[Input for this task]
╭──

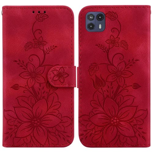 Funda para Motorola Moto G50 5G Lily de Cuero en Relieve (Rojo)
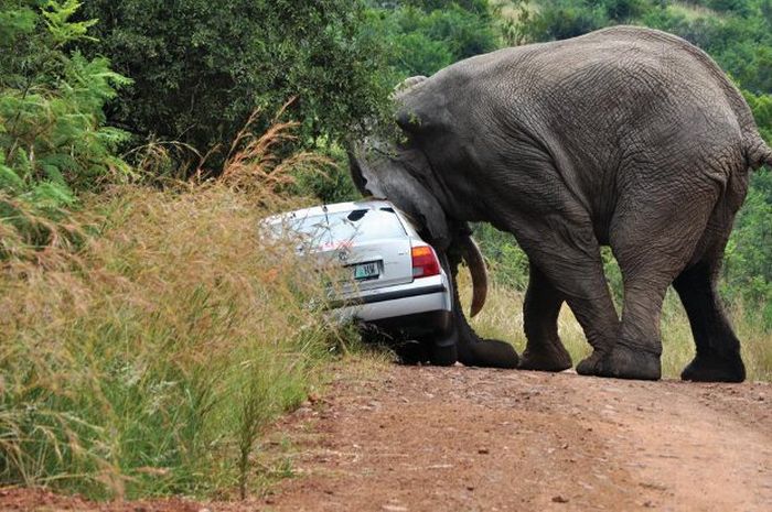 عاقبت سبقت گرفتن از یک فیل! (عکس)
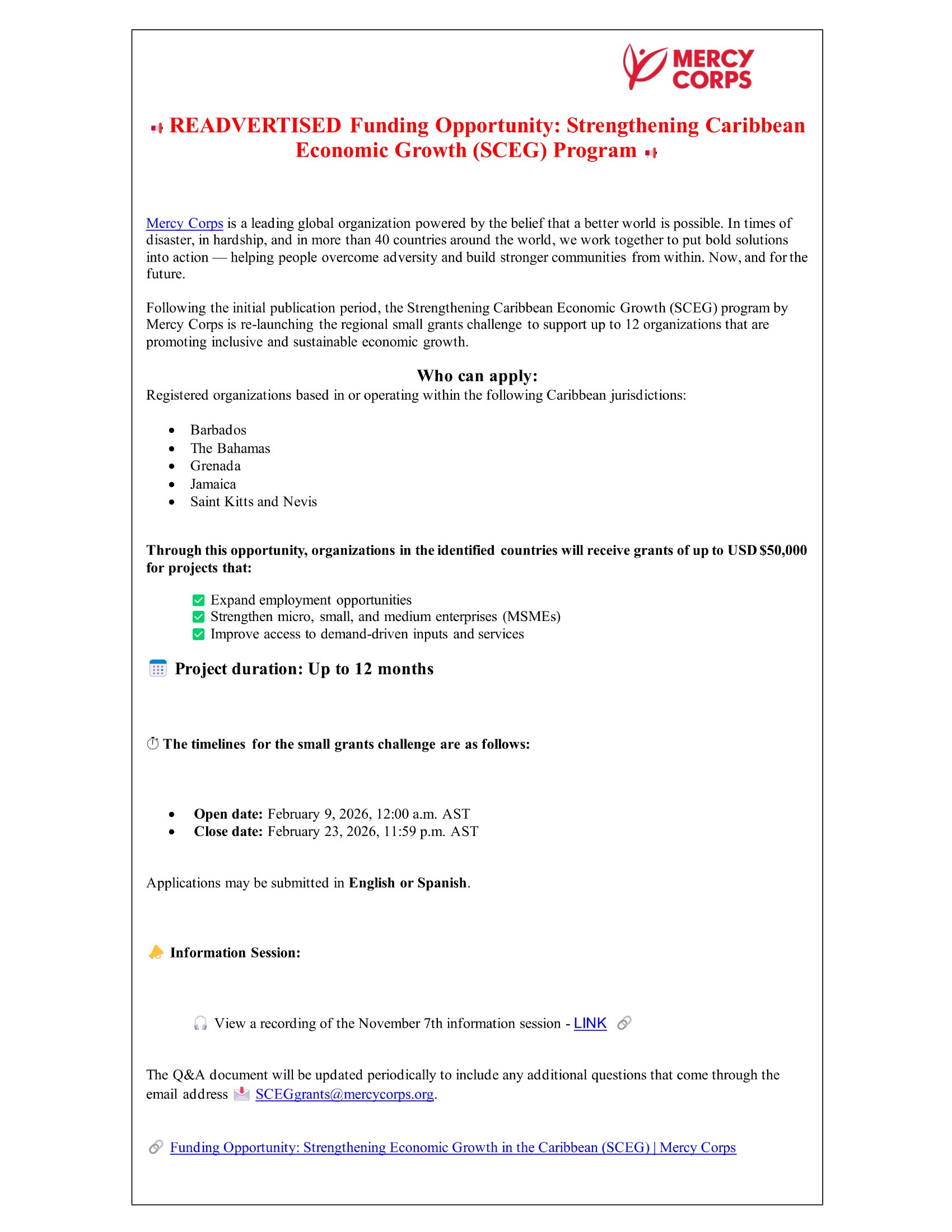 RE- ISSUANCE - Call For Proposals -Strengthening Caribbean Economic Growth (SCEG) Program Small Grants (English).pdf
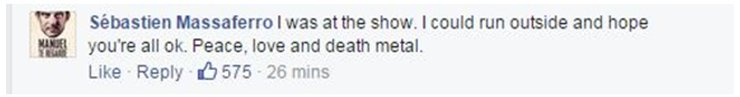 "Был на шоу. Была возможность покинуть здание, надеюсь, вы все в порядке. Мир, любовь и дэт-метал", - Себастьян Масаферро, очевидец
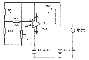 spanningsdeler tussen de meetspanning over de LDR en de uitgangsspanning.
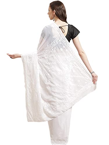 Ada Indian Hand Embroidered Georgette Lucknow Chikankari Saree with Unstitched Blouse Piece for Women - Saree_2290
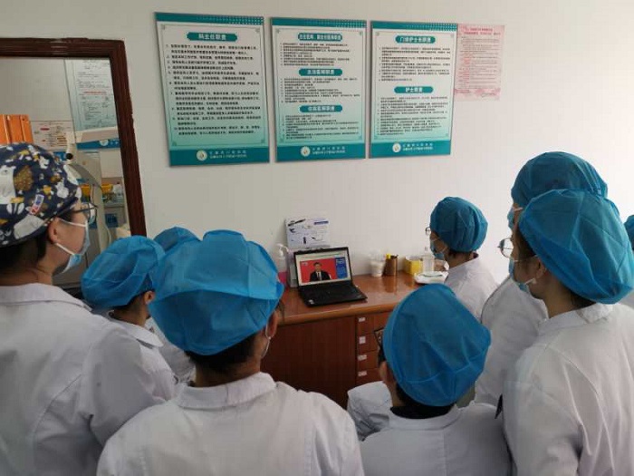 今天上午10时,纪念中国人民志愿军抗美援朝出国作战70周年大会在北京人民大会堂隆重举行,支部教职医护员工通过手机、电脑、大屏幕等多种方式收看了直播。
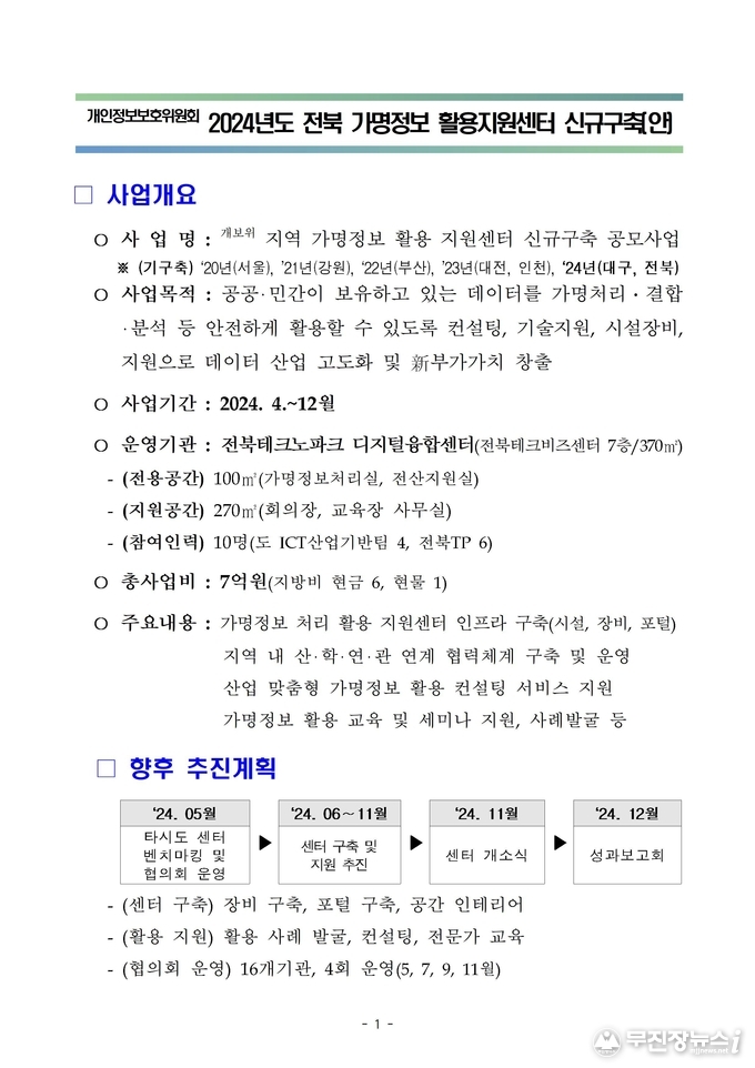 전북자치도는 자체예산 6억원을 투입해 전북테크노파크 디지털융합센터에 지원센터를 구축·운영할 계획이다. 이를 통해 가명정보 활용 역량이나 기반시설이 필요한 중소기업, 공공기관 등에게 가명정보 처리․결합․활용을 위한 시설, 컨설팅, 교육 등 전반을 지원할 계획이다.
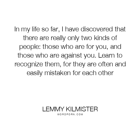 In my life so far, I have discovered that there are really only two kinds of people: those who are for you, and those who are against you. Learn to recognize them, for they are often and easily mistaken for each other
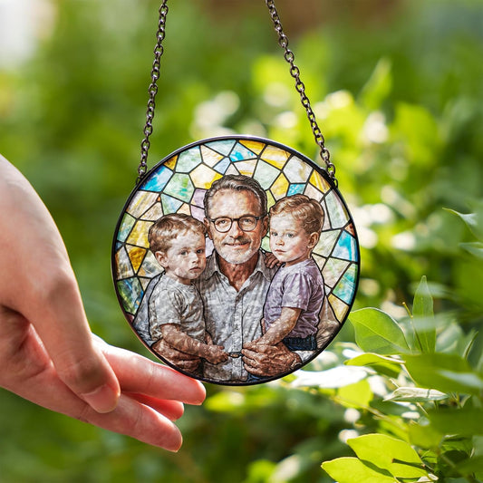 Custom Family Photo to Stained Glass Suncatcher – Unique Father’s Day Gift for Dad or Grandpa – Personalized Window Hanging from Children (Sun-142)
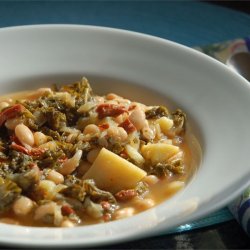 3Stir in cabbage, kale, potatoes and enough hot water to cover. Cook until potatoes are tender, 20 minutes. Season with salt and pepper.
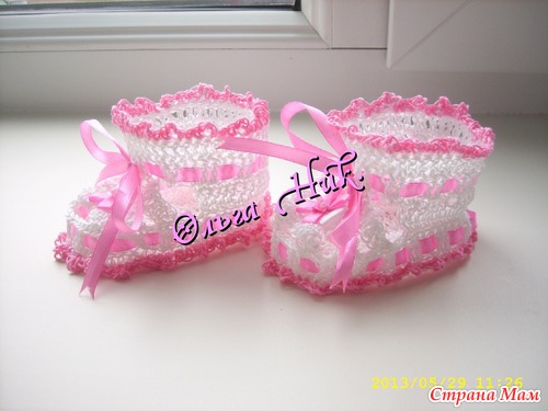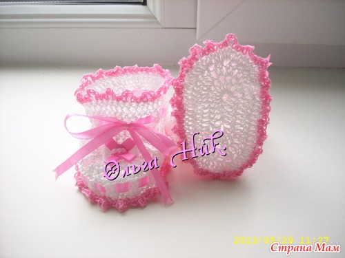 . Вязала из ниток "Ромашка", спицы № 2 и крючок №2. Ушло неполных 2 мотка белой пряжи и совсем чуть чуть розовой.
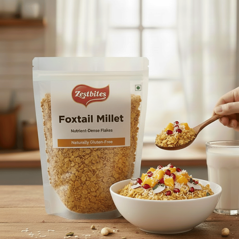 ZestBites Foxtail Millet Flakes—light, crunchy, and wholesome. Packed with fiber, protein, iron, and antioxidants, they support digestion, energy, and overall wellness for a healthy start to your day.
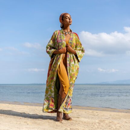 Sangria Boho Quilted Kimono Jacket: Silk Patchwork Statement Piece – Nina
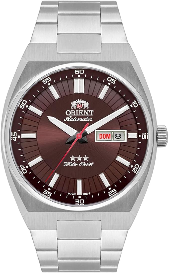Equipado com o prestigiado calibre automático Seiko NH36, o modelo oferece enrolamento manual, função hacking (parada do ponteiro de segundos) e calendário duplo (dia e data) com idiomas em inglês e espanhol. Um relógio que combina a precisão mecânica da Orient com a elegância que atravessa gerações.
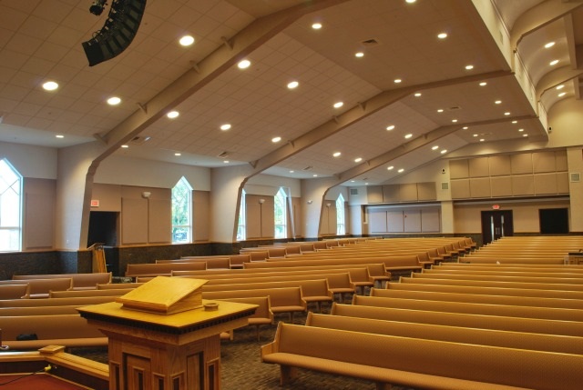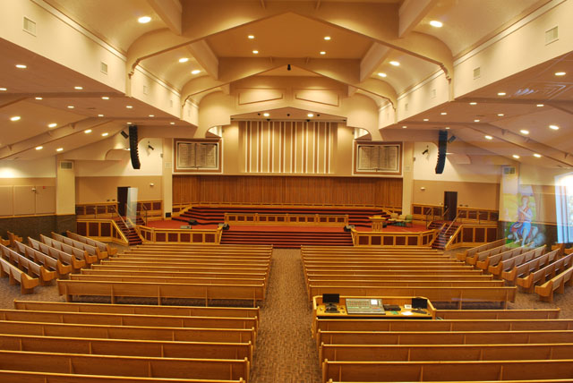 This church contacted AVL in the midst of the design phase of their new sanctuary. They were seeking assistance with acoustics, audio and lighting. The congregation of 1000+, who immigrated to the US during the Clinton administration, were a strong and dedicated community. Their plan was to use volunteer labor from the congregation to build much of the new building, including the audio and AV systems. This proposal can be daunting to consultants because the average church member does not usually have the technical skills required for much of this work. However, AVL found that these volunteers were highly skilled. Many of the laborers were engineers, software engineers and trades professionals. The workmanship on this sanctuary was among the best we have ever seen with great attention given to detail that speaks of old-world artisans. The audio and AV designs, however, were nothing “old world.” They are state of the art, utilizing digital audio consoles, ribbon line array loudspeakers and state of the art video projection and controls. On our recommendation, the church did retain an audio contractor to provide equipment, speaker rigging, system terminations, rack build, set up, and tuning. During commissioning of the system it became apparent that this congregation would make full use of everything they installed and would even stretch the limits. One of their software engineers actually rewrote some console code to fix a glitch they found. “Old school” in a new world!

╰──

[What is being asked] Your answer should consist of the lines above between those holding "今天上午10时,纪念中国人民" and "3Stir in cabbage, kale, potatoes", inclusive, reproduced word for word and without pictures.

[Final answer]
 今天上午10时,纪念中国人民志愿军抗美援朝出国作战70周年大会在北京人民大会堂隆重举行,支部教职医护员工通过手机、电脑、大屏幕等多种方式收看了直播。
 전북자치도는 자체예산 6억원을 투입해 전북테크노파크 디지털융합센터에 지원센터를 구축·운영할 계획이다. 이를 통해 가명정보 활용 역량이나 기반시설이 필요한 중소기업, 공공기관 등에게 가명정보 처리․결합․활용을 위한 시설, 컨설팅, 교육 등 전반을 지원할 계획이다.
 In my life so far, I have discovered that there are really only two kinds of people: those who are for you, and those who are against you. Learn to recognize them, for they are often and easily mistaken for each other
 Custom Family Photo to Stained Glass Suncatcher – Unique Father’s Day Gift for Dad or Grandpa – Personalized Window Hanging from Children (Sun-142)
 3Stir in cabbage, kale, potatoes and enough hot water to cover. Cook until potatoes are tender, 20 minutes. Season with salt and pepper.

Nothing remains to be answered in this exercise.